Exercise directions
Each line with the string "that" is to be copied from the records below.

Extracted records
===

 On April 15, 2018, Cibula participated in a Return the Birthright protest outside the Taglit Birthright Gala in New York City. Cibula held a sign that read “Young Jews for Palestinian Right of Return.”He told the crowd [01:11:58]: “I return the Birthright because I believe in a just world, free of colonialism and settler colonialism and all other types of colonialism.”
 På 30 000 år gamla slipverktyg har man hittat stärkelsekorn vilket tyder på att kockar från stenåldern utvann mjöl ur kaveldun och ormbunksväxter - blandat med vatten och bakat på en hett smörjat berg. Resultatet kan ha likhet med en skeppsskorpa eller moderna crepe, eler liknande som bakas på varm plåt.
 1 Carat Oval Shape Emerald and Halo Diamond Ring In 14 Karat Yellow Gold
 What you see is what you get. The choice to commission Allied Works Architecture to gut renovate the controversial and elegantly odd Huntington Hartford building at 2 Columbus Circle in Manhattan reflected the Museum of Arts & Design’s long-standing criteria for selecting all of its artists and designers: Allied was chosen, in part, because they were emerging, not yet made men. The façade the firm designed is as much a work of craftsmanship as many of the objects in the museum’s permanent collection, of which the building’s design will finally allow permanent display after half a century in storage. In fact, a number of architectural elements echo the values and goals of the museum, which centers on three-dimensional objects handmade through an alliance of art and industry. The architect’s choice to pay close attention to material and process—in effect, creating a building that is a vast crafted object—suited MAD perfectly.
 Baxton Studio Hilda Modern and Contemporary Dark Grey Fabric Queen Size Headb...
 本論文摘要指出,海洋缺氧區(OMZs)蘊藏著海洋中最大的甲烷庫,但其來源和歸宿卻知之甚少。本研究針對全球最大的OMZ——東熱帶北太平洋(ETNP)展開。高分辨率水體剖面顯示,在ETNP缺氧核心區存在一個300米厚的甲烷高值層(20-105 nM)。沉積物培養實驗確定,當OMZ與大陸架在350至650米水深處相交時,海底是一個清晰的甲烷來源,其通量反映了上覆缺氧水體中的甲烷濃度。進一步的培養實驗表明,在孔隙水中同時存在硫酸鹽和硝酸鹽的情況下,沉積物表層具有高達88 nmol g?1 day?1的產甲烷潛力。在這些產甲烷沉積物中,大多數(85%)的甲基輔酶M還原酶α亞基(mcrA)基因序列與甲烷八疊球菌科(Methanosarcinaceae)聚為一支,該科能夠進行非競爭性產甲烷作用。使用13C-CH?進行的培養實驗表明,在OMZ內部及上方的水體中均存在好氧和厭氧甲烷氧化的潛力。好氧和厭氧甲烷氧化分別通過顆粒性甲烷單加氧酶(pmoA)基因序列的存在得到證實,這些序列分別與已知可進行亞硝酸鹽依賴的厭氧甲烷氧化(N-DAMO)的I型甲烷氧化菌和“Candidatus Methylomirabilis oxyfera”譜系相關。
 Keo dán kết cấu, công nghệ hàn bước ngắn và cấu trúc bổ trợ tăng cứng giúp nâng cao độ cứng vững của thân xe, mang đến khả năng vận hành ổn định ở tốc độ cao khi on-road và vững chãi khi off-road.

===

Result below
 On April 15, 2018, Cibula participated in a Return the Birthright protest outside the Taglit Birthright Gala in New York City. Cibula held a sign that read “Young Jews for Palestinian Right of Return.”He told the crowd [01:11:58]: “I return the Birthright because I believe in a just world, free of colonialism and settler colonialism and all other types of colonialism.”
 What you see is what you get. The choice to commission Allied Works Architecture to gut renovate the controversial and elegantly odd Huntington Hartford building at 2 Columbus Circle in Manhattan reflected the Museum of Arts & Design’s long-standing criteria for selecting all of its artists and designers: Allied was chosen, in part, because they were emerging, not yet made men. The façade the firm designed is as much a work of craftsmanship as many of the objects in the museum’s permanent collection, of which the building’s design will finally allow permanent display after half a century in storage. In fact, a number of architectural elements echo the values and goals of the museum, which centers on three-dimensional objects handmade through an alliance of art and industry. The architect’s choice to pay close attention to material and process—in effect, creating a building that is a vast crafted object—suited MAD perfectly.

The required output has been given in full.